The brougham would roll smoothly along the white road, between stout leafy hedges starred with dog-roses; blackbirds and thrushes would be singing loudly, so loudly that Stephen could hear their voices above the quick clip, clip, of the cobs and the muffled sounds of the carriage. Then from under her brows she must glance across at Anna, who she knew loved the songs of blackbirds and thrushes; but Anna’s face would be hidden in shadow, while her hands lay placidly folded.

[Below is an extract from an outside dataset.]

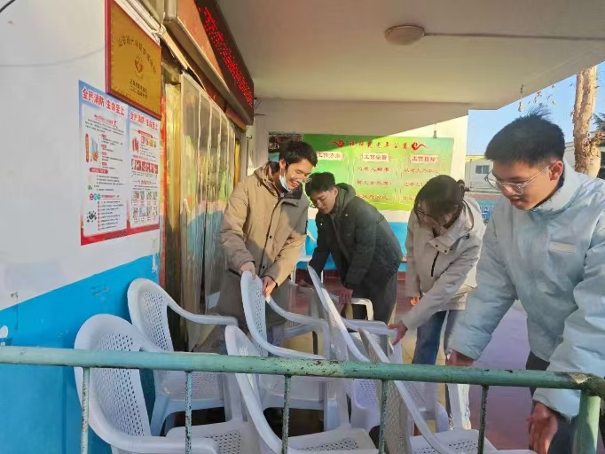 注:圖為實踐團成員梅中國、范曉宇、張夢榮、魏俊杰整理椅子

And now the horses, nearing their stables, would redouble their efforts as they swung through the gates, the tall, iron gates of the parklands of Morton, faithful gates that had always meant home. Old trees would fly past, then the paddocks with their cattle—Worcestershire cattle with uncanny white faces; then the two quiet lakes where the swans reared their cygnets; then the lawns, and at last the wide curve in the drive, near the house, that would lead to the massive entrance.

The child was too young to know why the beauty of Morton would bring a lump to her throat when seen thus in the gold haze of late afternoon, with its thoughts of evening upon it. She would want to cry out in a kind of protest that was very near tears: ‘Stop it—stop it, you’re hurting!’ But instead she would blink hard and shut her lips tightly, unhappy yet happy. It was a queer feeling; it was too big for Stephen, who was still rather little when it came to affairs of the spirit. For the spirit of Morton would be part of her then, and would always remain somewhere deep down within her, aloof and untouched by the years that must follow, by the stress and the ugliness of life. In those after-years certain scents would evoke it—the scent of damp rushes growing by water; the kind, slightly milky odour of cattle; the smell of dried roseleaves and orris-root and violets, that together with a vague suggestion of beeswax always hung about Anna’s rooms. Then that part of Stephen that she still shared with Morton would know what it was to feel terribly lonely, like a soul that wakes up to find itself wandering, unwanted, between the spheres.

4

Anna and Stephen would take off their coats, and go to the study in search of Sir Philip who would usually be there waiting.